Your output should be the lines from the one containing "开放共享的LDK空间,木质吊" through the last line below, both ends included, exactly as written and free of pictures.

(Data extract Opens)

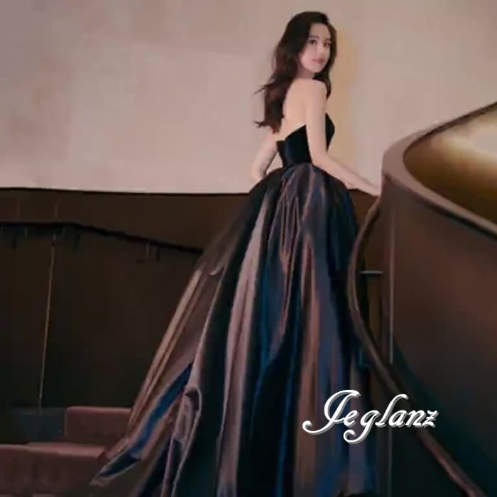 パーティ イブニングドレス ベアトップ 異素材 ベルベット調 光沢感 ♪(M8778)ζ
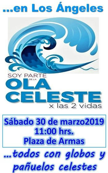 Así lo dio a conocer la representante de la Ola Celeste Chile Carolina García Ortiz, quien está invitando a todos a sumarse a esta manifestación para el sábado 30 de marzo en la plaza de armas de Los Ángeles.
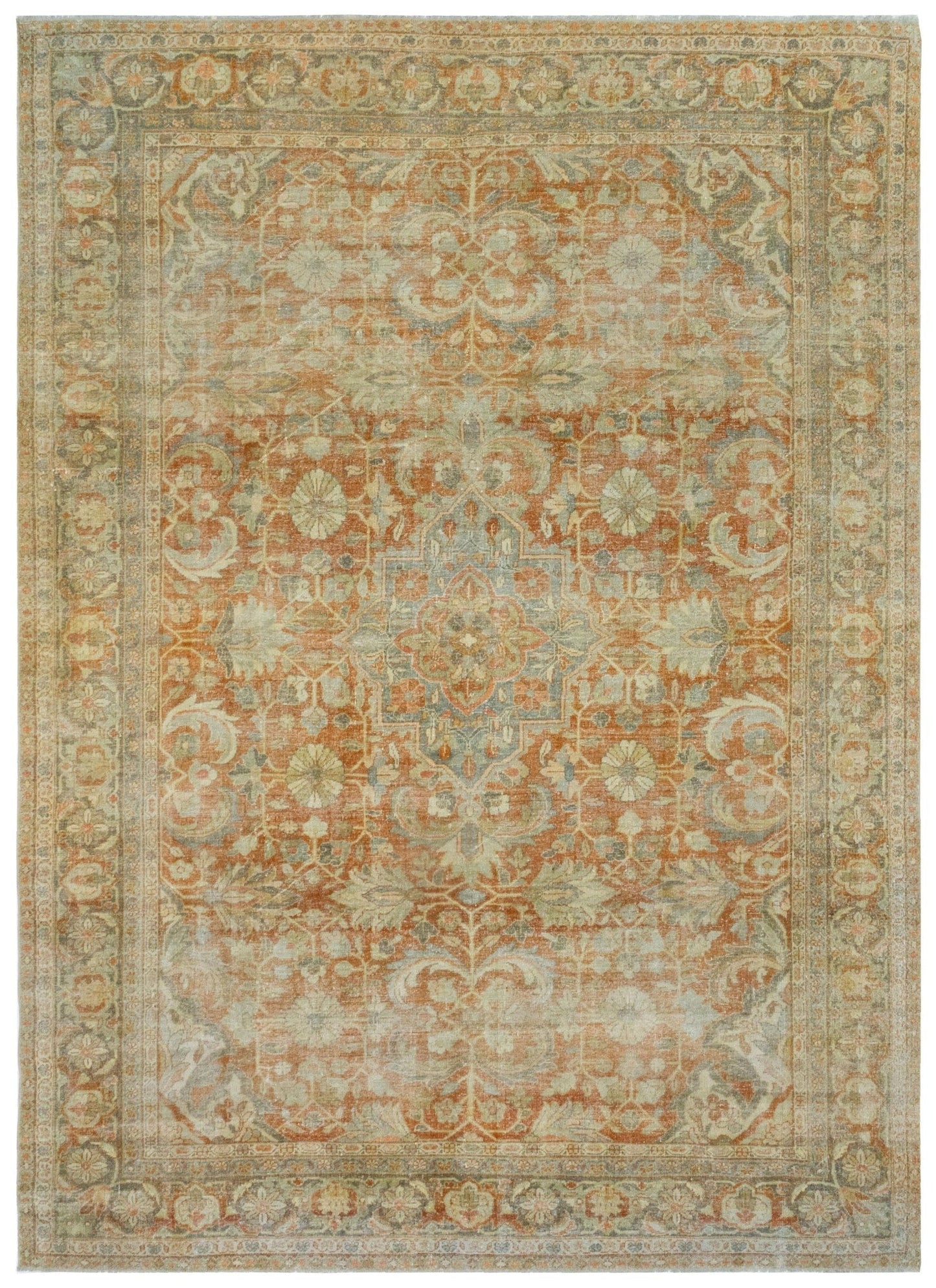Vintage 1930 Large Scale Floral Traditional Persian Mahal 8' 9" X 12' 0" Orange Rug
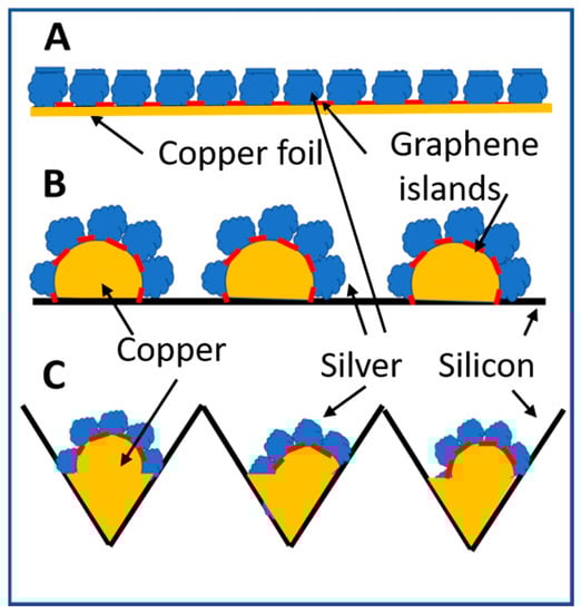 In order to collect molten copper in pre-arranged location for achieving uniformly distributed copper structures for subsequent chemical plating of silver nanoparticles, holes are chemically etched into a planar silicon wafer []. A sputtered copper film of thinner than 100 nm melts, flows and solidifies inside etched holes. Subsequent rapid thermal CVD of graphene on the ball-like copper bumps creates a template for the selective deposition of silver nanoparticles only on copper surfaces where there are no graphene islands to block the chemical plating of silver. Silver grows vertically from ball-like copper bumps surface to form a cluster of elongated nanoparticles pointing in different directions as illustrated by Figure 2C. Table 1 and Table 2 show the remaining detailed process parameters for hole etching, thermal annealing of copper thin films, and rapid thermal CVD of graphene islands on copper.
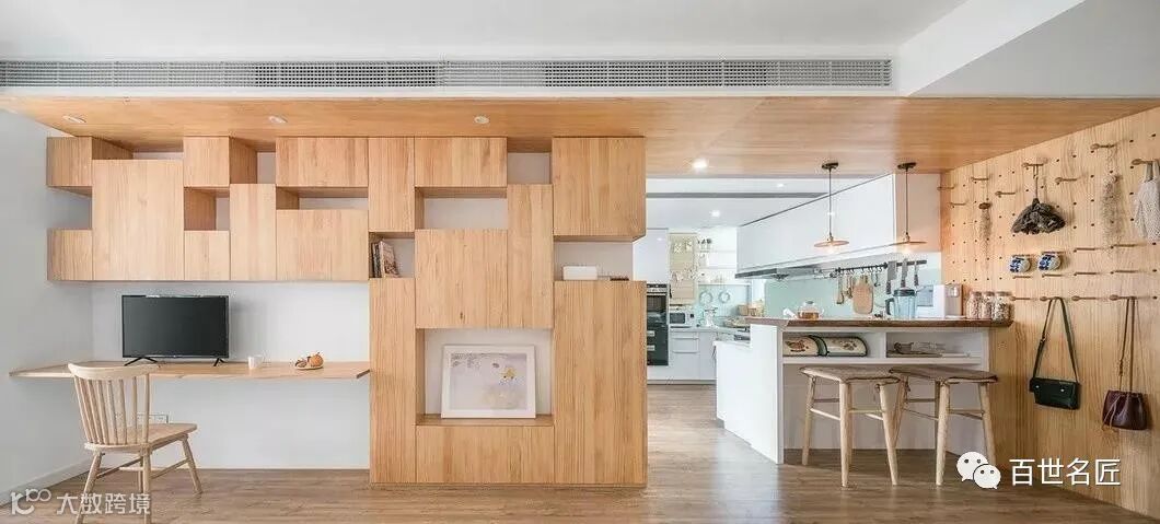 开放共享的LDK空间,木质吊顶与书柜组合一体。书柜“实体”与“空心”间错布置,柜门沿“空心”处侧面开启,一片轻薄的工作台面漂浮其间。
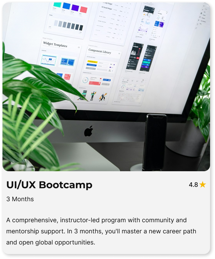 A comprehensive, instructor-led program with community and mentorship support. In 3 months, you’ll master a new career path and open global opportunities.

(Data extract Closes)

Solution:
 开放共享的LDK空间,木质吊顶与书柜组合一体。书柜“实体”与“空心”间错布置,柜门沿“空心”处侧面开启,一片轻薄的工作台面漂浮其间。
 A comprehensive, instructor-led program with community and mentorship support. In 3 months, you’ll master a new career path and open global opportunities.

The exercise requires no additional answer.